(Recorded data Opens)

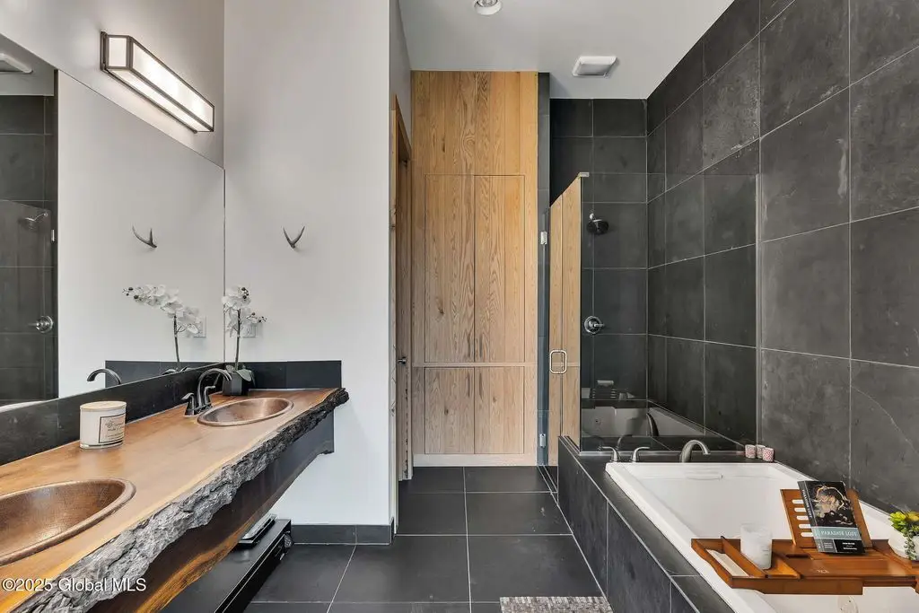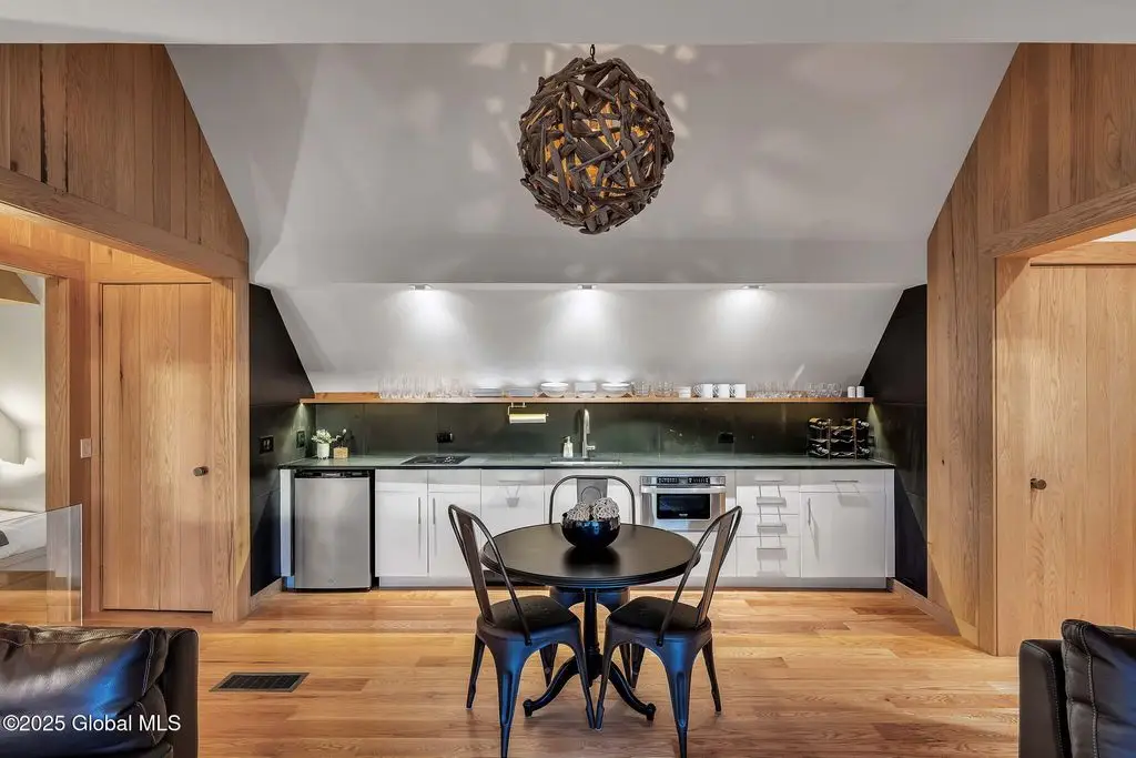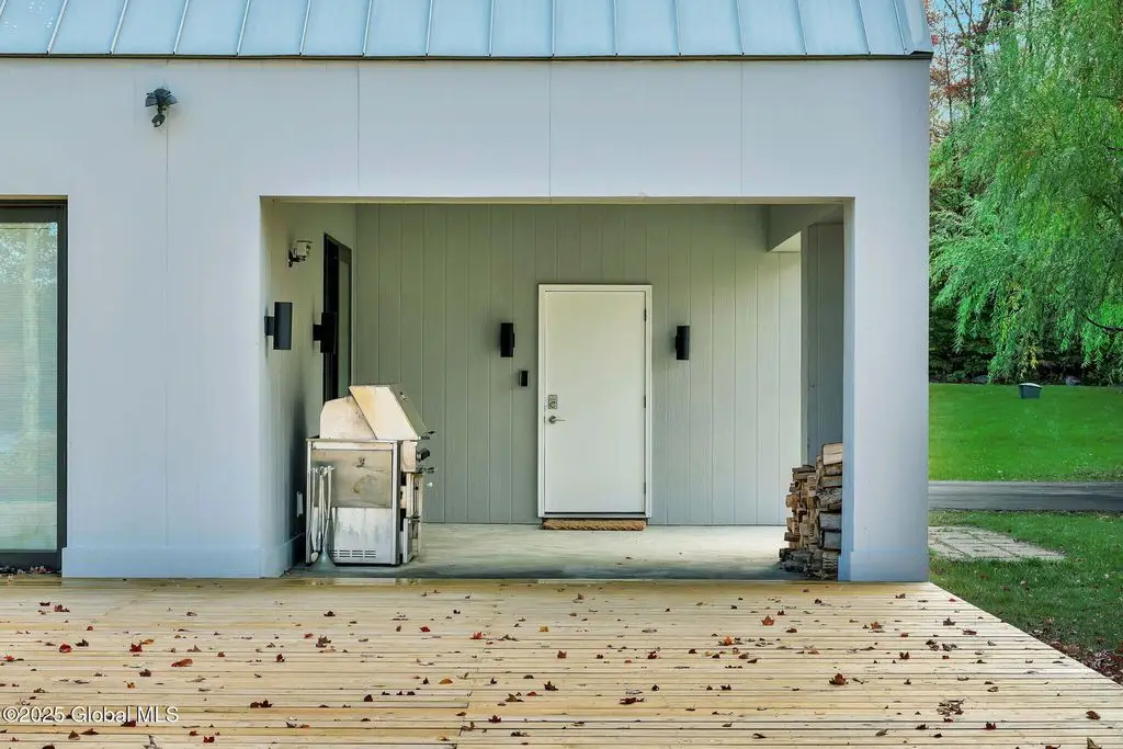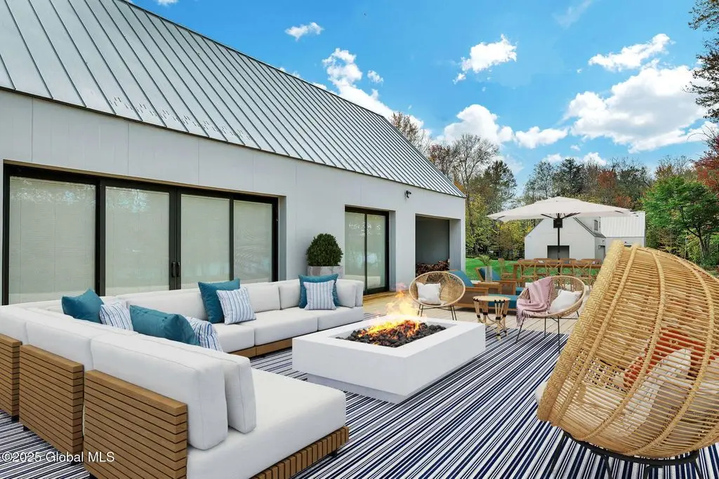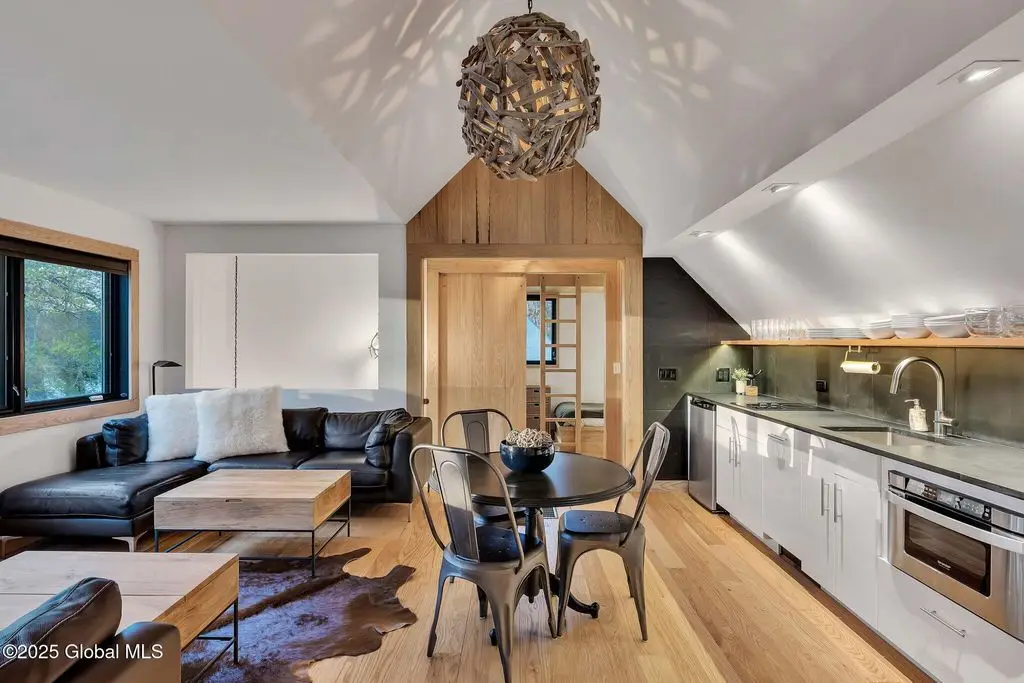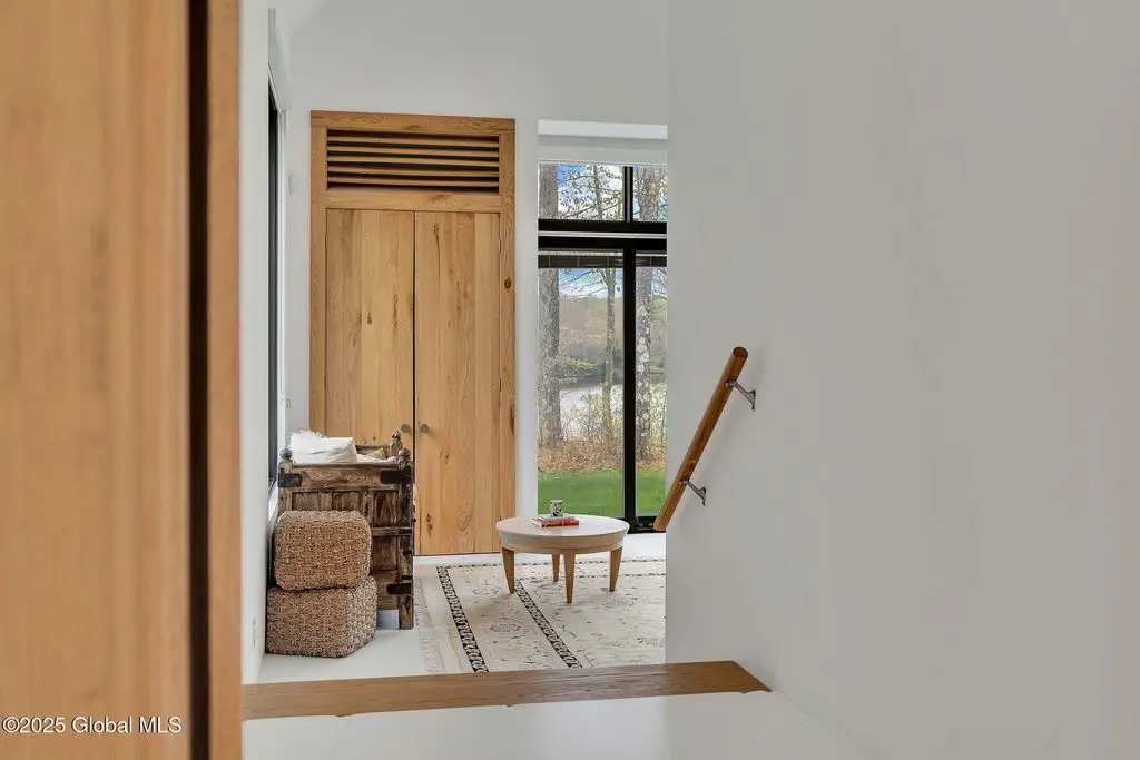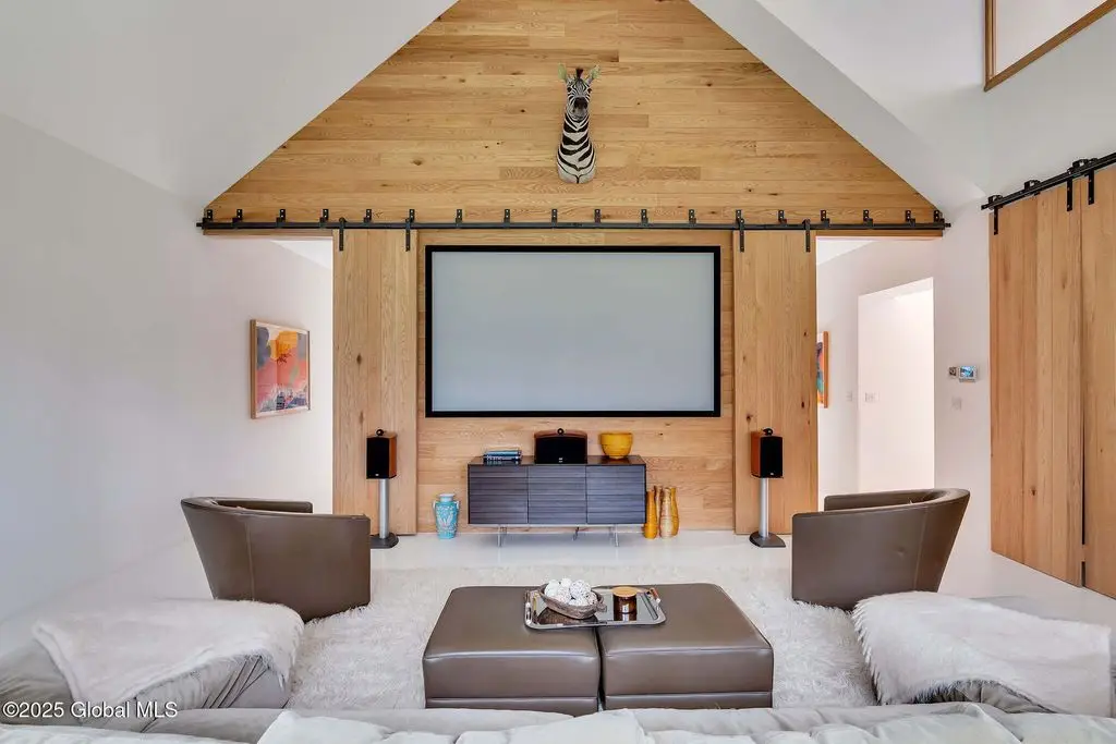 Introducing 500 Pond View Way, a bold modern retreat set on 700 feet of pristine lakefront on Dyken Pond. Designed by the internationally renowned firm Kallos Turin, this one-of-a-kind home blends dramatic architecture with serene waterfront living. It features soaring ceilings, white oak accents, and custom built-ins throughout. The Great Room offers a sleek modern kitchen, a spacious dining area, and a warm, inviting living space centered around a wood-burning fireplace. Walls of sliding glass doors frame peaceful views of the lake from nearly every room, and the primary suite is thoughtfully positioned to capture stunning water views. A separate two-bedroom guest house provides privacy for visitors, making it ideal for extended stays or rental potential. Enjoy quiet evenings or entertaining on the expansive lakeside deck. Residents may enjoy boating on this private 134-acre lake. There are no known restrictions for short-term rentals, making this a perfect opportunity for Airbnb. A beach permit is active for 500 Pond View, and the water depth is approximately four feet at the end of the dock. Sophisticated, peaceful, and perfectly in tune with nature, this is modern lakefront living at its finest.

(Recorded data Closes)
(Recorded data Opens)

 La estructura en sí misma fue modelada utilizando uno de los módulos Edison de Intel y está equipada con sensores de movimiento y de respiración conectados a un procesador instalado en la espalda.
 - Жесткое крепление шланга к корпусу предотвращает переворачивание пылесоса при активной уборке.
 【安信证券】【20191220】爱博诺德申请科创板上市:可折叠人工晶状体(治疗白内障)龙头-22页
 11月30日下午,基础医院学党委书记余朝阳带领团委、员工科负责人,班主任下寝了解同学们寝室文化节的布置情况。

(Recorded data Closes)

### What to do:
Set down, from the entries above, exactly the lines from the one with "La estructura en" up to and including the one with "11月30日下午,基础医院学", and no other lines.

### Task response:
 La estructura en sí misma fue modelada utilizando uno de los módulos Edison de Intel y está equipada con sensores de movimiento y de respiración conectados a un procesador instalado en la espalda.
 - Жесткое крепление шланга к корпусу предотвращает переворачивание пылесоса при активной уборке.
 【安信证券】【20191220】爱博诺德申请科创板上市:可折叠人工晶状体(治疗白内障)龙头-22页
 11月30日下午,基础医院学党委书记余朝阳带领团委、员工科负责人,班主任下寝了解同学们寝室文化节的布置情况。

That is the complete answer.